# Gm,bring back the holden murano!!!!



## LS-1 (Sep 25, 2011)

*Gm,bring back the Gran Turismo Omologato!!*

Hello All, 
Been lurking around here for a while, this is a great forum.For the past few weeks i been reading about the gto and i want this car so ****ing bad.I looked at one yesterday at a local dealer and when i sat in it i cant believe is a GM car!!.Now dont get me wrong i am full blown corvette guy and i own a 02 C-5. The one thing i never liked about all vetts including the new c-6 is that the interior quality is arse.Basically all vette owners except this because vetts are awesome.Now the quality of the gto interior was more like a bmw or lexus,great seats,dash,system! 
Next year the lease is up on my DD, a vw jetta.Once i turn it in im pulling the trigger on a goat.Due to a lower back problem i finding it hard to shift sometimes(my jetta is a 5spd), hence my gto needs to be an auto.It seems that these cars are harder to find and i prefer the 05-06. 
G.M if you are reading this you need to bring this car back to the U.S.!!! 
Perhaps under the chevy division(chevelle SS) or the buick division(grand national):cheers


----------



## LS2 MN6 (Jul 14, 2010)

I'm very tempted to post many pictures of fail. But I'm tired and that would be mean.


----------



## Falco21 (May 11, 2010)

Oh no


----------



## jetstang (Nov 5, 2008)

Welcome to the forum from a C5 Vette owner.. Lots of love. Save up a couple bucks when you get out of the lease, and maybe you can get financing on a used GTO..
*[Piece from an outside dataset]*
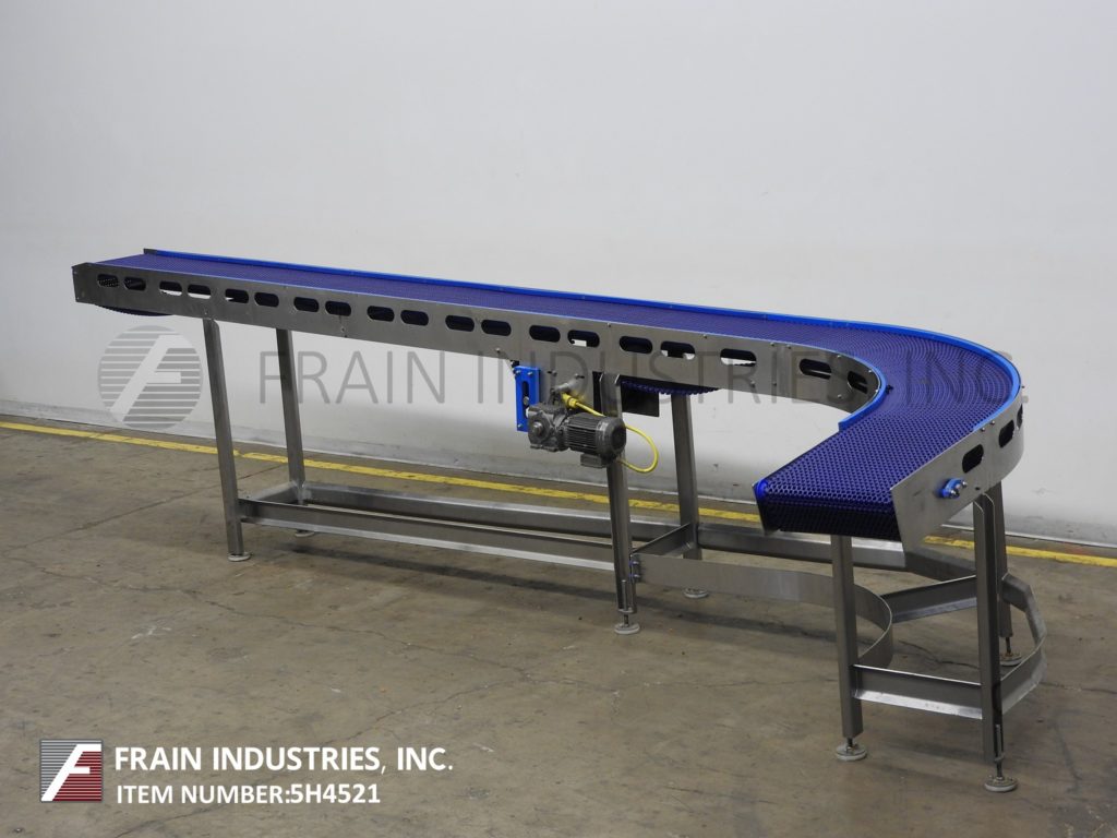 e-quip,17½“宽x 245”长,90°弯曲不锈钢输送机。配备165英寸长直截面成90°曲线,直线截面24英寸。由1 HP驱动器提供动力并安装在平整腿上。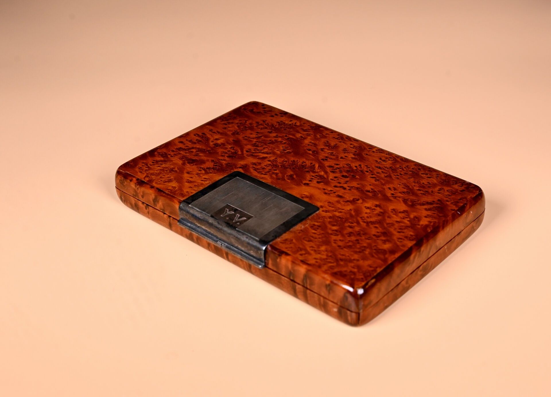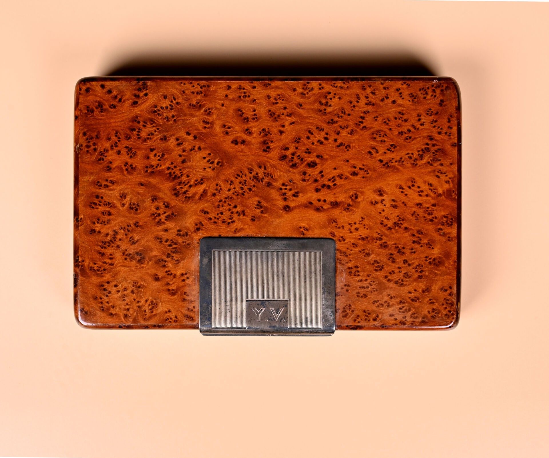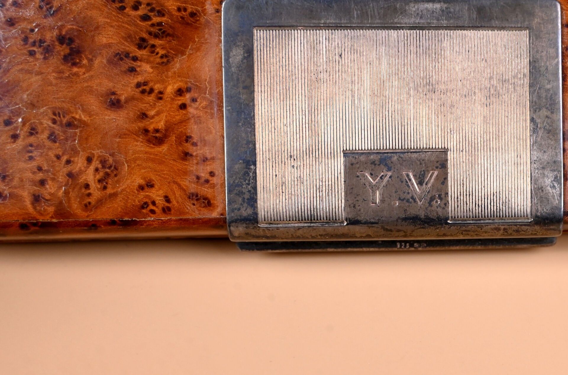 Burr and silver minaudière. The lid is adorned with a silver plate engraved with the initials Y.V. The interior has a compartment with a comb. Circa 1930. 2 cm - Width: 16 cm - Depth: 10.5 cm.

Come on guys, that's funny..


----------



## LS-1 (Sep 25, 2011)

Wow tuff crowd,i love it:rofl.Theres an 06 auto by me that im gonna check out soon.If it looks good i may pull trigger.IT seems to me that the automatic cars are getting harder to find these days............ 
Rock on


----------



## HP11 (Apr 11, 2009)

Things must have changed then. At least in my area. When I was looking for mine, I found many automatics. At least as many, if not more, than the 6 speeds I found.


----------



## LS-1 (Sep 25, 2011)

Big op title change, flame suit getting hot..............:lol:


----------



## LS-1 (Sep 25, 2011)

HP11 said:


> Things must have changed then. At least in my area. When I was looking for mine, I found many automatics. At least as many, if not more, than the 6 speeds I found.


it prob a matter of timing, i looked at auto trader and out of the 8 that came up with 50 mi of me 6 of them were stick............the hunt is on.


----------



## 6speedlover (Aug 10, 2011)

Same with me, i searched for 2 months, and 8 out of 10 were A4's. Good Luck to you LS-1, and welcome


----------



## LS2 MN6 (Jul 14, 2010)

For me it was the giant unspaced paragraph, that caused me to say fail.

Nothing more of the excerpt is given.